# [Exercise aim]
Once the line containing "素雅的陶杯器型,以及在手柄處" has been copied, stop; copy every line before it exactly, beginning with the first line of the material below.

--

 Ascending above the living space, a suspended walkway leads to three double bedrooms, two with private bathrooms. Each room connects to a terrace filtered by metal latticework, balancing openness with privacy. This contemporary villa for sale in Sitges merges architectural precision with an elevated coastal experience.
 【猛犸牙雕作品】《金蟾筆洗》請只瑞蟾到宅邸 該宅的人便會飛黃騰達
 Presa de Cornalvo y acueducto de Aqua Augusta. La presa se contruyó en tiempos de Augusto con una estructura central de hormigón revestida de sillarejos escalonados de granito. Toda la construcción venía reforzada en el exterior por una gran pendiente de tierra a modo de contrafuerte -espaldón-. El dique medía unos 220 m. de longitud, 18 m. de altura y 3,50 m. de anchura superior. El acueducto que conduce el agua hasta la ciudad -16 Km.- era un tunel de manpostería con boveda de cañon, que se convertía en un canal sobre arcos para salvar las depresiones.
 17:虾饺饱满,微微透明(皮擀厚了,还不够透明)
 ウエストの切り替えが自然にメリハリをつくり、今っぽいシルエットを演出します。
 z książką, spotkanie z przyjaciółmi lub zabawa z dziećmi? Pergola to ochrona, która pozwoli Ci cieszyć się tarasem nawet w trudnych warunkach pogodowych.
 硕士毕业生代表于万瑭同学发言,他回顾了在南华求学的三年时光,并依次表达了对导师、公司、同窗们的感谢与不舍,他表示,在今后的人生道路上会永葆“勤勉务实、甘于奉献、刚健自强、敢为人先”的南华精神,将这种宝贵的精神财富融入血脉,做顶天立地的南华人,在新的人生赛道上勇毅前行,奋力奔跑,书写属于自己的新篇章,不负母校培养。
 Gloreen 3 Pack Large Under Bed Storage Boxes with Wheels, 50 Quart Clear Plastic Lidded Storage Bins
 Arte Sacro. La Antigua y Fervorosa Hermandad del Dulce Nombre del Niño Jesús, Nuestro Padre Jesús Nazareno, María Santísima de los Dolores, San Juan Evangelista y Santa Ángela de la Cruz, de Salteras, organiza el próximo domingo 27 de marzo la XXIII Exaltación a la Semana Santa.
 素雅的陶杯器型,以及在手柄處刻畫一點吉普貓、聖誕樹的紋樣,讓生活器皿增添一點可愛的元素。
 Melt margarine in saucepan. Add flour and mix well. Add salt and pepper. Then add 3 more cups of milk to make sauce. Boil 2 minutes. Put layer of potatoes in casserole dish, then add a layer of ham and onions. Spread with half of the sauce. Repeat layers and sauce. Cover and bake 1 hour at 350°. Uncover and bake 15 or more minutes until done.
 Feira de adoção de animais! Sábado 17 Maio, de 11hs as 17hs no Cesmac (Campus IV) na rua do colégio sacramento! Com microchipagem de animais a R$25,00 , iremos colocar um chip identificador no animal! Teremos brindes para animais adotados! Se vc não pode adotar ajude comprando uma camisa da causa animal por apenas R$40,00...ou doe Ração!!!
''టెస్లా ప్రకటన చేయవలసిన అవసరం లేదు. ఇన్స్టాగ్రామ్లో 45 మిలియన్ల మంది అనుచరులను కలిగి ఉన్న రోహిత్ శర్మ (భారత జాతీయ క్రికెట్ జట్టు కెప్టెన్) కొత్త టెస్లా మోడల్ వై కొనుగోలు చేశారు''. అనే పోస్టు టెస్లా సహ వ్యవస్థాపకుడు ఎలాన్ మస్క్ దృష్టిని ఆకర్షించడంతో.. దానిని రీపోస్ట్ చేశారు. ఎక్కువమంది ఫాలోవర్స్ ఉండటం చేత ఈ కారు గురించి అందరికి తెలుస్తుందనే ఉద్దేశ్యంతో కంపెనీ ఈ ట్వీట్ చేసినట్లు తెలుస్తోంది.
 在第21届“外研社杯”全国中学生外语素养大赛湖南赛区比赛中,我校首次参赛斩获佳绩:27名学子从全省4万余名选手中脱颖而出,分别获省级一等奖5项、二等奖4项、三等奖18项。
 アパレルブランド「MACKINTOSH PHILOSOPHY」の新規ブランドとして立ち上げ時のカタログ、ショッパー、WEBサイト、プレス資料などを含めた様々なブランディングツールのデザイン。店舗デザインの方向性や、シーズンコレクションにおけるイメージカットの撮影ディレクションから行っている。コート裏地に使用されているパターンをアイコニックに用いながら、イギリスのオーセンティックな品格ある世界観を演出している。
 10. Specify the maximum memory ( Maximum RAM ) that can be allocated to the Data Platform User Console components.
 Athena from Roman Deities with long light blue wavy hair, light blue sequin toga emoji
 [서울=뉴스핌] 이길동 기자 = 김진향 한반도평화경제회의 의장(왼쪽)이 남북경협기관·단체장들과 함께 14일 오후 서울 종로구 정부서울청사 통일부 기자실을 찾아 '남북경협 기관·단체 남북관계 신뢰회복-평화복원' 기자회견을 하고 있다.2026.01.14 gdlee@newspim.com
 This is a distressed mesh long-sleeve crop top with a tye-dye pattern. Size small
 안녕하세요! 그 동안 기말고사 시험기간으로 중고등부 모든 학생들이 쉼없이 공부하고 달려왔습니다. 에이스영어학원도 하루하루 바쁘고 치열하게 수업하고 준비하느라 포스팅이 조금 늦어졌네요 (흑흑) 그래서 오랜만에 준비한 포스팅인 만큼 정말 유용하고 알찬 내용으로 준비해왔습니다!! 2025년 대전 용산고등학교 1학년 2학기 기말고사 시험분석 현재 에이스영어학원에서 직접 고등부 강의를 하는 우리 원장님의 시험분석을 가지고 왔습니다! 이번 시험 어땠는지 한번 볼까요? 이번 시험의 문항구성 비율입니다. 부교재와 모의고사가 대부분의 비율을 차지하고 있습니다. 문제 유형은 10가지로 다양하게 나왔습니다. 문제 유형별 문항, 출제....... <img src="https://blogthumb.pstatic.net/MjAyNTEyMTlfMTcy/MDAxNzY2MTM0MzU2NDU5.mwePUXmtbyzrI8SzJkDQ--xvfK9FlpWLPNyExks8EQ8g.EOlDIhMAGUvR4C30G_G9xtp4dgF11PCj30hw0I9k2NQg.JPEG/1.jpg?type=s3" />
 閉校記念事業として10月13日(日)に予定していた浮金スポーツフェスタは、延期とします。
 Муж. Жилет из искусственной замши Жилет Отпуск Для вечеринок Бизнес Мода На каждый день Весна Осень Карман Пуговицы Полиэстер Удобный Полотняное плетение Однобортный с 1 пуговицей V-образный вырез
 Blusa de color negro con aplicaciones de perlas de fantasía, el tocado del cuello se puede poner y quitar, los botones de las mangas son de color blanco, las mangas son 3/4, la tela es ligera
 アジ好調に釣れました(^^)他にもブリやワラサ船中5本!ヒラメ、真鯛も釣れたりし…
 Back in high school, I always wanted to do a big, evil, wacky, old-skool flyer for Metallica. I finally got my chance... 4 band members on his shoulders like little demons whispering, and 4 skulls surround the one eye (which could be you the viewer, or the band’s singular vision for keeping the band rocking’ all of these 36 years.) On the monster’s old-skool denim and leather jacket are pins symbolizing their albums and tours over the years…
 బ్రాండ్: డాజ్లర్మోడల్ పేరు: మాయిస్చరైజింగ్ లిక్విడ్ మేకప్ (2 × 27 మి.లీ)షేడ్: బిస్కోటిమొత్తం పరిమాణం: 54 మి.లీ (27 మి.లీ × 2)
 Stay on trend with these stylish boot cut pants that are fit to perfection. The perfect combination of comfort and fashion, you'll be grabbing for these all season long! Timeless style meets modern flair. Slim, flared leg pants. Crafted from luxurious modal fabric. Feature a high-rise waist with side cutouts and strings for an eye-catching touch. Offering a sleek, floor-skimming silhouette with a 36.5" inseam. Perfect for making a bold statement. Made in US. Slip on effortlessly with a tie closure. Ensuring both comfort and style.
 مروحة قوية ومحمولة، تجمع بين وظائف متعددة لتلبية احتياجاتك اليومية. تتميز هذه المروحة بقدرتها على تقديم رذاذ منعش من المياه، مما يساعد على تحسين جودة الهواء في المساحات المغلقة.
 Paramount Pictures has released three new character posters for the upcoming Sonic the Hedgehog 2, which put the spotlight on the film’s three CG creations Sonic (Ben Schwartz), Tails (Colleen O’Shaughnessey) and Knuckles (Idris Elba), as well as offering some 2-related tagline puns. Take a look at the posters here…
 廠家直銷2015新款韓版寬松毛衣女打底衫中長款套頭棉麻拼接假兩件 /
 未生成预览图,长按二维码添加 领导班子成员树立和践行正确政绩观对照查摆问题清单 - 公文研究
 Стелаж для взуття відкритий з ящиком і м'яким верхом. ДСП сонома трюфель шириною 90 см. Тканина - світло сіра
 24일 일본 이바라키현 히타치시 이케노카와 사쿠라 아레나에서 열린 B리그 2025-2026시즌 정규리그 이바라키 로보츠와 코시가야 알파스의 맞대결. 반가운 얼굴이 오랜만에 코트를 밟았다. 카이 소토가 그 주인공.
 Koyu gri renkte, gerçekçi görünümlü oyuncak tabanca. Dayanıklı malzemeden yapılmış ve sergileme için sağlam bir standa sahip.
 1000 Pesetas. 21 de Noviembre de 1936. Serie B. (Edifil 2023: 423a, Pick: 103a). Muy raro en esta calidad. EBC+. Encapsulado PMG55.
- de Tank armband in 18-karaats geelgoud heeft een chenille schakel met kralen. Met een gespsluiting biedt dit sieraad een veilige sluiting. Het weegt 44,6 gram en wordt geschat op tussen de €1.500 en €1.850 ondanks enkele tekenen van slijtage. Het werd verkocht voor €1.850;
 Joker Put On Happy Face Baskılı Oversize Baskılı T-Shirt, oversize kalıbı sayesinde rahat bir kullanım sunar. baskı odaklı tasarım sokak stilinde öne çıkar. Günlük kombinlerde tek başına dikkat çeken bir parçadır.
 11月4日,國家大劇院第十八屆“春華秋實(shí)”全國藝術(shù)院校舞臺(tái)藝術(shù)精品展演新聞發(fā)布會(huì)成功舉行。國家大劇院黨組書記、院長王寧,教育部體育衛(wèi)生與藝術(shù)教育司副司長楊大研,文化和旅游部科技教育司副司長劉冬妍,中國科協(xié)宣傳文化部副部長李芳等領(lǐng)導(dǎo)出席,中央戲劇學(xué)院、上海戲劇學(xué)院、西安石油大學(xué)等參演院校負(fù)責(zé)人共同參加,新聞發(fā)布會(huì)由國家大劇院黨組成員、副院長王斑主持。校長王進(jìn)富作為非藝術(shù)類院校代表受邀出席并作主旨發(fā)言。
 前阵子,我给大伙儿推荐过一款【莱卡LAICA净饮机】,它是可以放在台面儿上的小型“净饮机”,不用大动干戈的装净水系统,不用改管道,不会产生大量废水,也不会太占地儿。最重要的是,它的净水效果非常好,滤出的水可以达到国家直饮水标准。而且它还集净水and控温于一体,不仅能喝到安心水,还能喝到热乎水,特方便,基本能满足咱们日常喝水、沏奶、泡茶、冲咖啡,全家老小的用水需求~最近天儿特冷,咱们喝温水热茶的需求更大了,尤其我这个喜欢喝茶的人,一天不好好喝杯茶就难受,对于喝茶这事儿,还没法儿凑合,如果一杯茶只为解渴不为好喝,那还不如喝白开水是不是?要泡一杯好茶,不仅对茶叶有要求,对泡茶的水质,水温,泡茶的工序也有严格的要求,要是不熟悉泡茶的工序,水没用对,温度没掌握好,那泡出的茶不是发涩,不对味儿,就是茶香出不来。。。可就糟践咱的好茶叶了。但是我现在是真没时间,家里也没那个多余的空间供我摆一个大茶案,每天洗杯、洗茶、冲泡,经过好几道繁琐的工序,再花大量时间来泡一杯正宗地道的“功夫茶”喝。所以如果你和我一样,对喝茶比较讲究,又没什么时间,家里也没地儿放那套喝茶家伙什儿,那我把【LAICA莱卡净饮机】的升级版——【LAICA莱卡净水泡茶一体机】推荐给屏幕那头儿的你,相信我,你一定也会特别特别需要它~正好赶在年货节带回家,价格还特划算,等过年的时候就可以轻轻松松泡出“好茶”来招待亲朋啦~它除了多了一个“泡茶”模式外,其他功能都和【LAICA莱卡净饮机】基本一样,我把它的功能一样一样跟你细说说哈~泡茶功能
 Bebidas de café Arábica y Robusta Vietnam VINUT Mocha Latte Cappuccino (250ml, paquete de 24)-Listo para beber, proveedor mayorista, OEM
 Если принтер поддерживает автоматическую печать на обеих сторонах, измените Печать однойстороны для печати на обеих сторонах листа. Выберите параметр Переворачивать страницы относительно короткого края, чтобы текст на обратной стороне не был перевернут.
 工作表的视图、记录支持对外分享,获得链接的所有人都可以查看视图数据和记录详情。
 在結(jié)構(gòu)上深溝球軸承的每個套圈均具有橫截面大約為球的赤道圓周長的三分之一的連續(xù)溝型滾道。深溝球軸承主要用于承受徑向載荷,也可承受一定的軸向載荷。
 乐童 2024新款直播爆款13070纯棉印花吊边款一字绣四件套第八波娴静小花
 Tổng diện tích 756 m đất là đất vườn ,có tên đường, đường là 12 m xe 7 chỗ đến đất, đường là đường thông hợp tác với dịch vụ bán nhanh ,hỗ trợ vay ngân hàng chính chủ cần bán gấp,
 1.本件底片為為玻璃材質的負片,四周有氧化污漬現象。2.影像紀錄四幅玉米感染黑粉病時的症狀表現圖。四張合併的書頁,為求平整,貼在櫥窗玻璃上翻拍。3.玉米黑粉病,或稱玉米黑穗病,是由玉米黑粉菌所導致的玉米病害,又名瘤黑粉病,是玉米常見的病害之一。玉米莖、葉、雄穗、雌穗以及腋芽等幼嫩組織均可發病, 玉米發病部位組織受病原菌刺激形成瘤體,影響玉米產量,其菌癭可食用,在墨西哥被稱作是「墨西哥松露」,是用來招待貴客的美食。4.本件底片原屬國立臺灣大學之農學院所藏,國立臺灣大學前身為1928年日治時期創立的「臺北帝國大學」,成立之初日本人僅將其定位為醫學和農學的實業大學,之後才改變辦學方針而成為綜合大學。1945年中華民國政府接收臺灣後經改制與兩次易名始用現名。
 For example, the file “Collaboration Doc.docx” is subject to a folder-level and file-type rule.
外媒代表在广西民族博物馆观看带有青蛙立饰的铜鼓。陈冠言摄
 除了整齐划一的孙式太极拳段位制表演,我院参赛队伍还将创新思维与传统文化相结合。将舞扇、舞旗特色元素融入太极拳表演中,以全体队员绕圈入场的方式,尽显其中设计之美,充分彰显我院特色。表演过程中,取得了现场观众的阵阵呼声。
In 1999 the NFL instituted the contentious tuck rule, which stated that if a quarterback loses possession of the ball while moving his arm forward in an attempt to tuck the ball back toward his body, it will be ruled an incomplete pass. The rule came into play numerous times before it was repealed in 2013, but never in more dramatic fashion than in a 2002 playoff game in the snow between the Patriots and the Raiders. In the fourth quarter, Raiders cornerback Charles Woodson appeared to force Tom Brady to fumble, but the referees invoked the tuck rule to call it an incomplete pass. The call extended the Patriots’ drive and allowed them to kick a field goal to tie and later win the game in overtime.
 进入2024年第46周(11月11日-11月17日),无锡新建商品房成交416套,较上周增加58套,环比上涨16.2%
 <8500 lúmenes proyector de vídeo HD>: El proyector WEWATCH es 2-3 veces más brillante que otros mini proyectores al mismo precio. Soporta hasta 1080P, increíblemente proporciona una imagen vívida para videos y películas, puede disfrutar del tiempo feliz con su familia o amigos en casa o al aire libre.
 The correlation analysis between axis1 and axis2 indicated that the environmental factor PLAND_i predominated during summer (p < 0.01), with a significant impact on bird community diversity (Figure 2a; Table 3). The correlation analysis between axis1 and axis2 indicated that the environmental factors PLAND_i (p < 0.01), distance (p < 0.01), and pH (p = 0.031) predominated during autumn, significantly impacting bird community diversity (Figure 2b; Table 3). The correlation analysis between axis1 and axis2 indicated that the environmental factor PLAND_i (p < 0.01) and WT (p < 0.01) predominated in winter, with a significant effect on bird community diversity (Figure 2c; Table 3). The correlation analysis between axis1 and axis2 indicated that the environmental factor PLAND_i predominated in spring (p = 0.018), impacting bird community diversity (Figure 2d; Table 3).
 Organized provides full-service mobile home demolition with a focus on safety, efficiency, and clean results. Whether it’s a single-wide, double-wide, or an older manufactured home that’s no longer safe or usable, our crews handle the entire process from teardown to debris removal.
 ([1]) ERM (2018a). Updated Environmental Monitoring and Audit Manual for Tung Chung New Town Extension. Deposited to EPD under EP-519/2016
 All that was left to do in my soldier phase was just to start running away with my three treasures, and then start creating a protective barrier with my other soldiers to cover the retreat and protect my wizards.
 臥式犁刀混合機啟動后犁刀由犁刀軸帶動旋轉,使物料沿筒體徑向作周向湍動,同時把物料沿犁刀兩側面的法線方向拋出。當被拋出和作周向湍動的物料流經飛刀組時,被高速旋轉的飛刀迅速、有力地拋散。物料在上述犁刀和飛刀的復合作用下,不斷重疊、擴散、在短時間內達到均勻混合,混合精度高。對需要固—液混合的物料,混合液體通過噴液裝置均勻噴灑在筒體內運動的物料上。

--

# [Written solution]
 Ascending above the living space, a suspended walkway leads to three double bedrooms, two with private bathrooms. Each room connects to a terrace filtered by metal latticework, balancing openness with privacy. This contemporary villa for sale in Sitges merges architectural precision with an elevated coastal experience.
 【猛犸牙雕作品】《金蟾筆洗》請只瑞蟾到宅邸 該宅的人便會飛黃騰達
 Presa de Cornalvo y acueducto de Aqua Augusta. La presa se contruyó en tiempos de Augusto con una estructura central de hormigón revestida de sillarejos escalonados de granito. Toda la construcción venía reforzada en el exterior por una gran pendiente de tierra a modo de contrafuerte -espaldón-. El dique medía unos 220 m. de longitud, 18 m. de altura y 3,50 m. de anchura superior. El acueducto que conduce el agua hasta la ciudad -16 Km.- era un tunel de manpostería con boveda de cañon, que se convertía en un canal sobre arcos para salvar las depresiones.
 17:虾饺饱满,微微透明(皮擀厚了,还不够透明)
 ウエストの切り替えが自然にメリハリをつくり、今っぽいシルエットを演出します。
 z książką, spotkanie z przyjaciółmi lub zabawa z dziećmi? Pergola to ochrona, która pozwoli Ci cieszyć się tarasem nawet w trudnych warunkach pogodowych.
 硕士毕业生代表于万瑭同学发言,他回顾了在南华求学的三年时光,并依次表达了对导师、公司、同窗们的感谢与不舍,他表示,在今后的人生道路上会永葆“勤勉务实、甘于奉献、刚健自强、敢为人先”的南华精神,将这种宝贵的精神财富融入血脉,做顶天立地的南华人,在新的人生赛道上勇毅前行,奋力奔跑,书写属于自己的新篇章,不负母校培养。
 Gloreen 3 Pack Large Under Bed Storage Boxes with Wheels, 50 Quart Clear Plastic Lidded Storage Bins
 Arte Sacro. La Antigua y Fervorosa Hermandad del Dulce Nombre del Niño Jesús, Nuestro Padre Jesús Nazareno, María Santísima de los Dolores, San Juan Evangelista y Santa Ángela de la Cruz, de Salteras, organiza el próximo domingo 27 de marzo la XXIII Exaltación a la Semana Santa.
 素雅的陶杯器型,以及在手柄處刻畫一點吉普貓、聖誕樹的紋樣,讓生活器皿增添一點可愛的元素。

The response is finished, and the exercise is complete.